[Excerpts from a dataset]
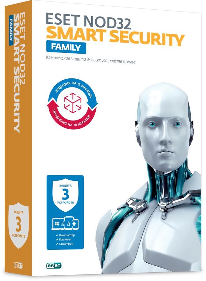 Особенности При помощи универсальной лицензии пользователь может активировать новую лицензию на 1 год на 3 устройства или продлить срок действия приобретенной ранее лицензии ESET NOD32 Smart Security Family на 20 месяцев (при этом количество устройств зависит от первоначальной лицензии).
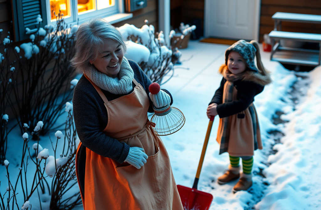 I heard the back door clatter, peeked out the windowshe was clearing the path, wrapped in that battered old parka, scarf tied over her hair.
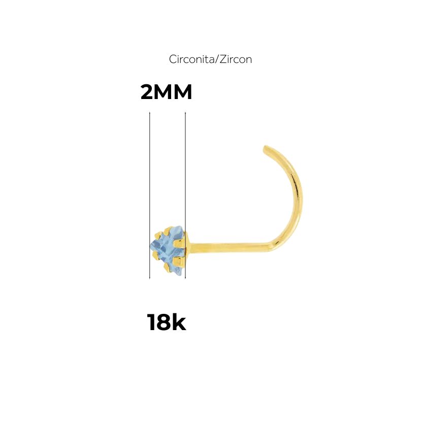 Piercing de Nariz en Oro 18k con Circonita Triangular color agua marina – 6 Garras
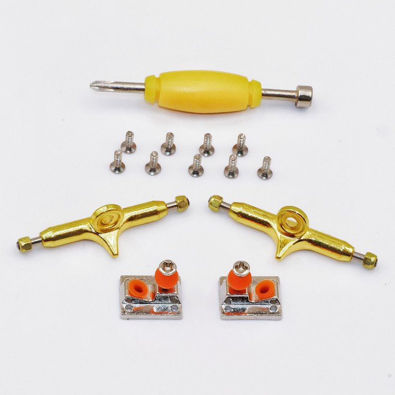 - 1 set including 2 fingerboard trucks,4 gold locknuts(assembled already), 9 screws and 1 screwdriver
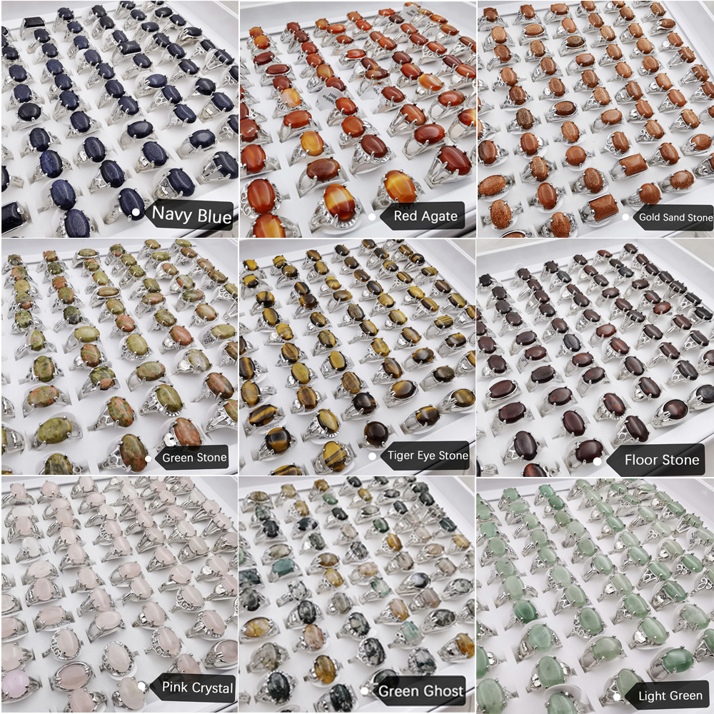 Description : 100% Brand New and High Quality ! Special design and unique structure, a popular item It is a good gift for your lover,family,friend and coworkers Make you charmer and elegant Beautiful and attractive It's a perfect accessory, also a good gift to your friends It will make you beautiful on picture. Suitable for any season. Feature: Material: Alloy Color: Light green,Agate,Pink crystal,Tiger eye stone,Gold sand stone,Green ghost,Green jade,Red agate,Navy blue,Flower green stone,Purple Size:17-21mm Random Department:Women,Men Pattern:As you choose Package Included: 5/15/30/50pcs x Rings(Without Box) Tips: Style randomly send the style you receive may be the same, Please make sure you don't mind before you bid,thanks! Jewelry maintenance: Avoid chemical contact; do not wear when taking a bath; pay attention to collision and scratching; avoid wearing when sweating a lot.
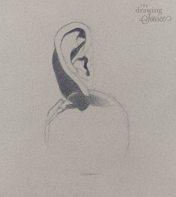 If you look closely at the shadow shapes in the ear, you'll notice several subtle value differences:
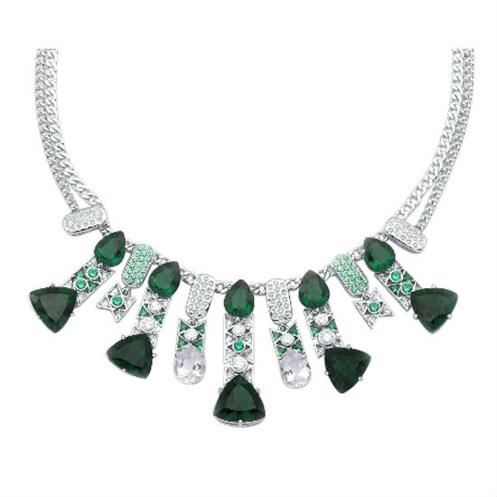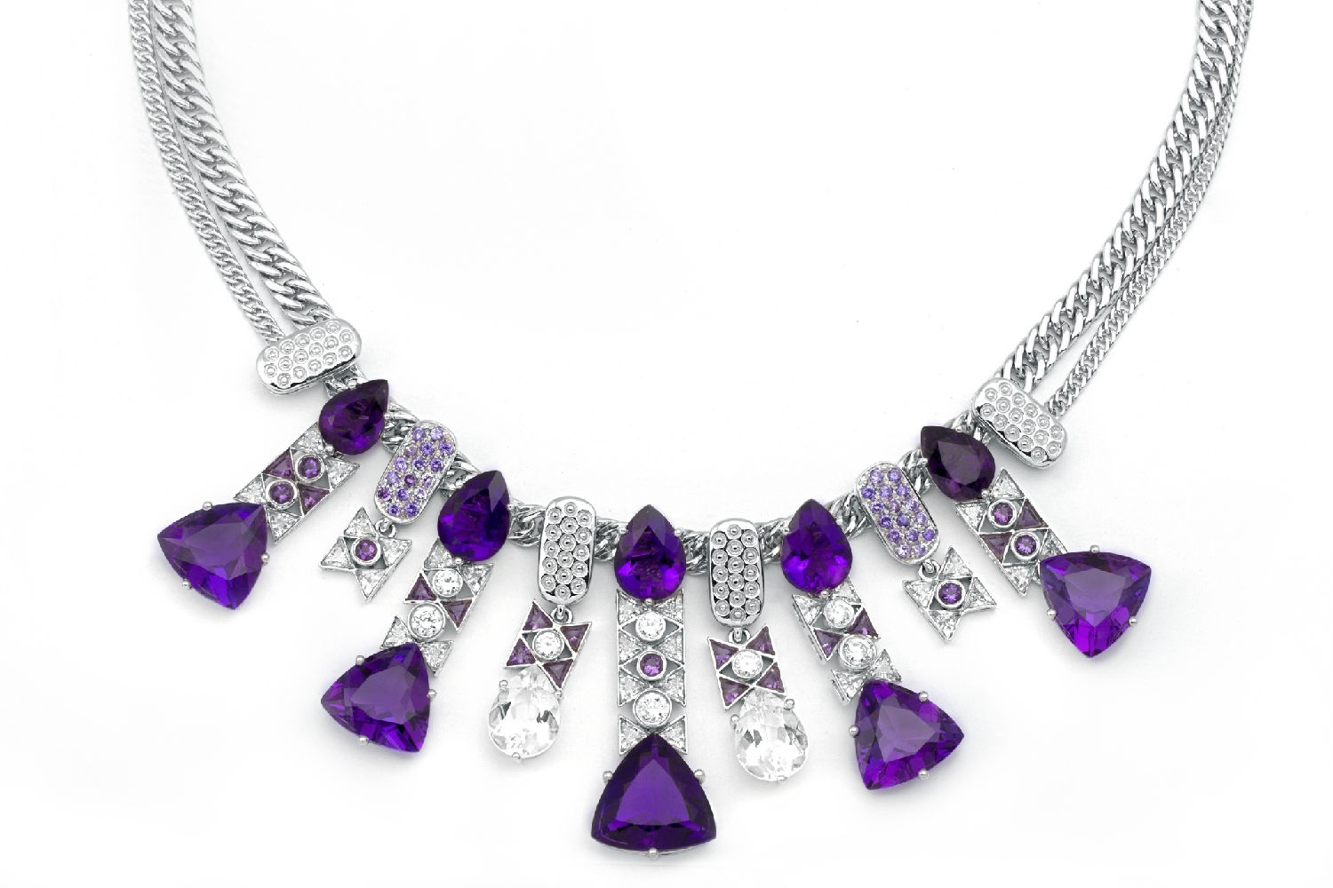 • Double chained magnificent necklace with suspending amethyst and diamonds provide an extra glamorous touch. This setting also comes in emerald and sapphire.
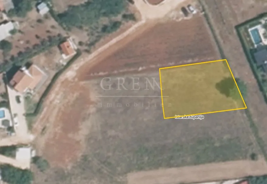 Građevinsko zemljište udaljeno 6 km od mora i 8 km od grada Poreča. Zemljište ima pravomočnu građevinsku dozvolu za prizemnicu od 120 m2 i bazen. Kuća se sastoji od 3 spavaće sobe i 3 kupatila kao što se vidi u tlocrtu. Svi priključci u blizini parcele.
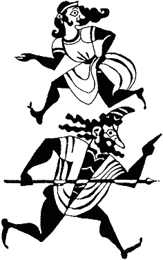 Раннее утро. Улица в Афинах. Еврипид и Мнесилох подходят к дому Агафона.
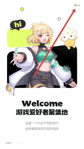 2、进入欢迎界面,若无需浏览引导,点击右上角跳过按钮,直接跳过欢迎动画,快速进入应用主功能区域。
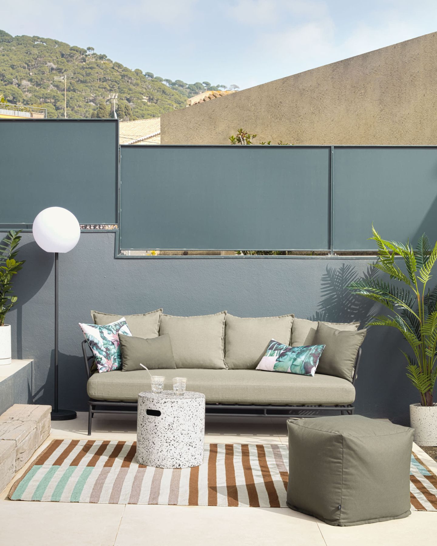 Диван Mareluz от фабрики La Forma (ex Julia Grup) – дизайн, который объединяет комфорт и динамику. Диван Mareluz создаст в вашем пространстве ощущение широты и яркости, приглашая расслабиться на открытом воздухе среди объемных подушек. Он абсолютно практичен и долговечен. Ведь здесь металл и прочный полиэстер, который можно стирать в машинке. Наслаждайтесь своим временем с комфортом вместе с Mareluz! Диван имеет сварную металлическую конструкцию, созданную из трубок диаметром 2,5 см. Она покрыта черной матовой краской, которая защищает от коррозии. Для стойкости к высоким нагрузкам, конструкция дополнительно усилена перекладинами на спинке, подлокотниках, под основанием. Максимальное давление – 300 кг. Общая вместимость – 3 человека. Для защиты напольного покрытия от повреждений, на ножках установлены пластиковые наконечники. К дивану прилагаются подушки – три вдоль спинки и одна высотой 10 см в качестве сиденья. Они серого цвета, набиты синтетической пеной. Чехлы съемные, из прочного полиэстера. Размеры: ширина – 197 см, высота спинки – 60 см, глубина – 75 см, глубина сиденья – 70 см. Вес изделия – 29,9 кг. Поставка осуществляется в собранном виде. В коллекции Mareluz также представлено кресло в аналогичном дизайне.
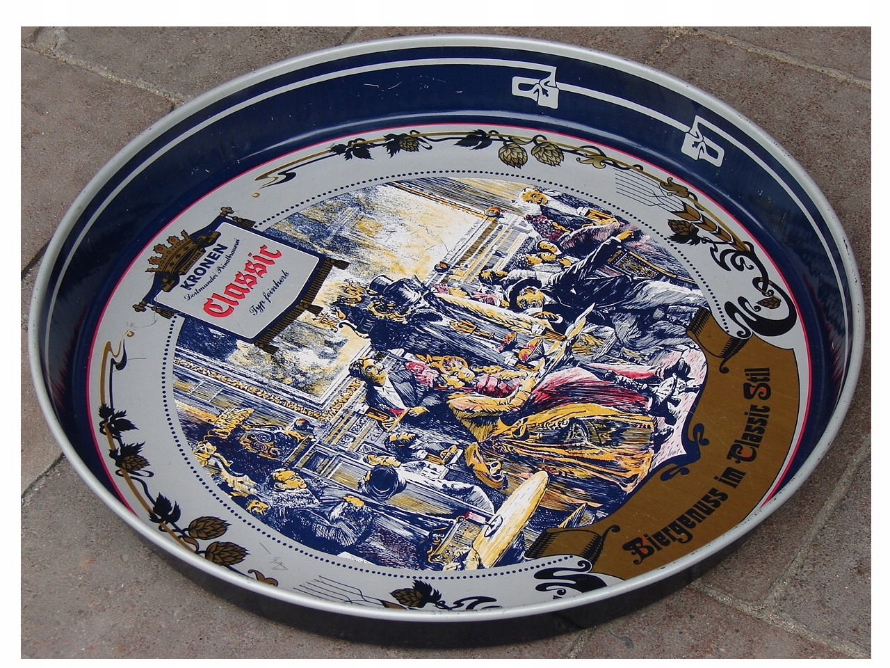 Vintage - оловянный поднос для рекламы пива Kronen Classic
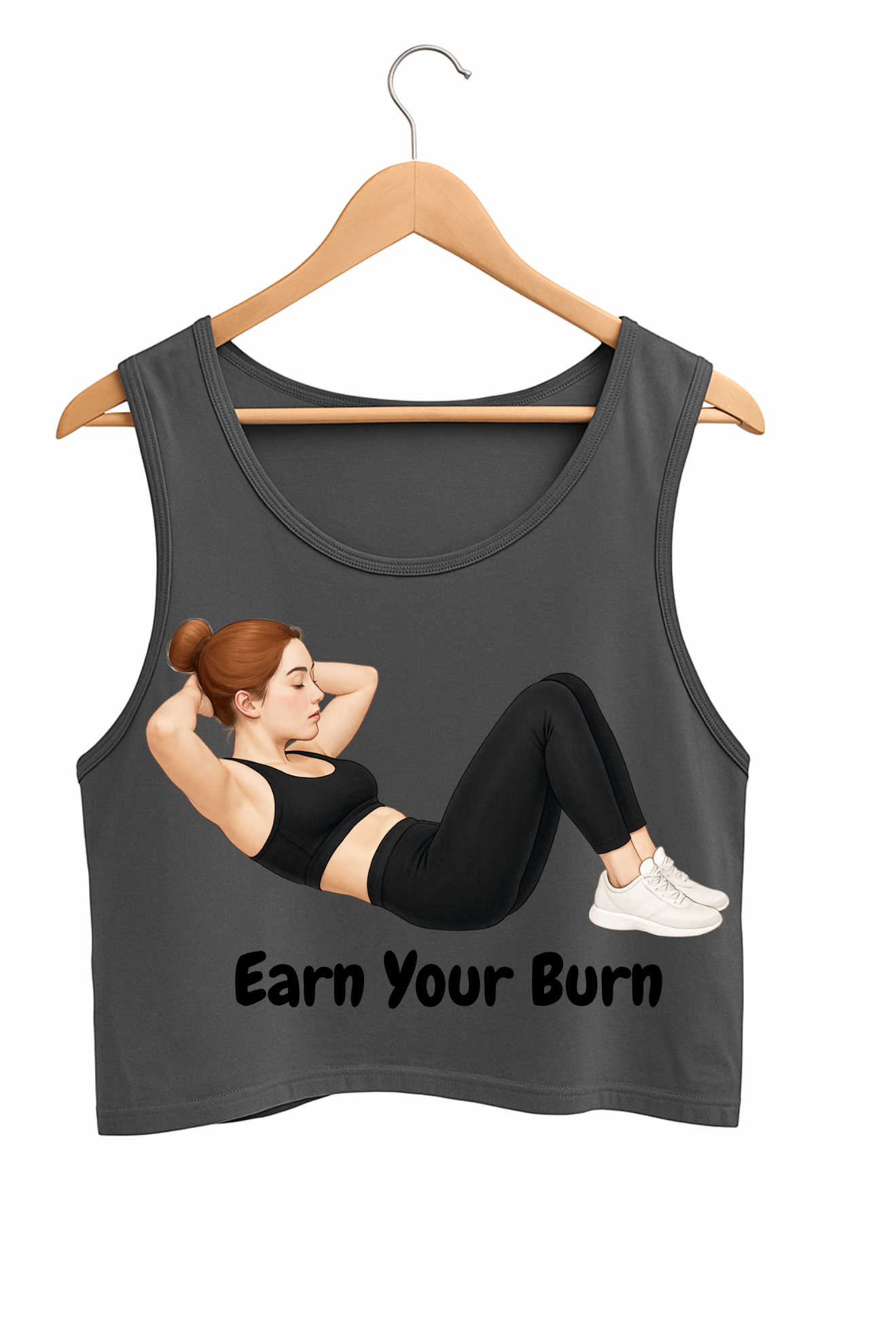 Earn Your Burn – Women’s Sleeveless Gym Crop Top (White / Charcoal Grey)

- _WHAT TO WORK ON_
Look above for the line with "Раннее утро. Улица" and the line with "2、进入欢迎界面,若无需浏览". Give again exactly those two lines and all lines between them, pictures excluded.

- _EXPECTED ANSWER_
 Раннее утро. Улица в Афинах. Еврипид и Мнесилох подходят к дому Агафона.
 2、进入欢迎界面,若无需浏览引导,点击右上角跳过按钮,直接跳过欢迎动画,快速进入应用主功能区域。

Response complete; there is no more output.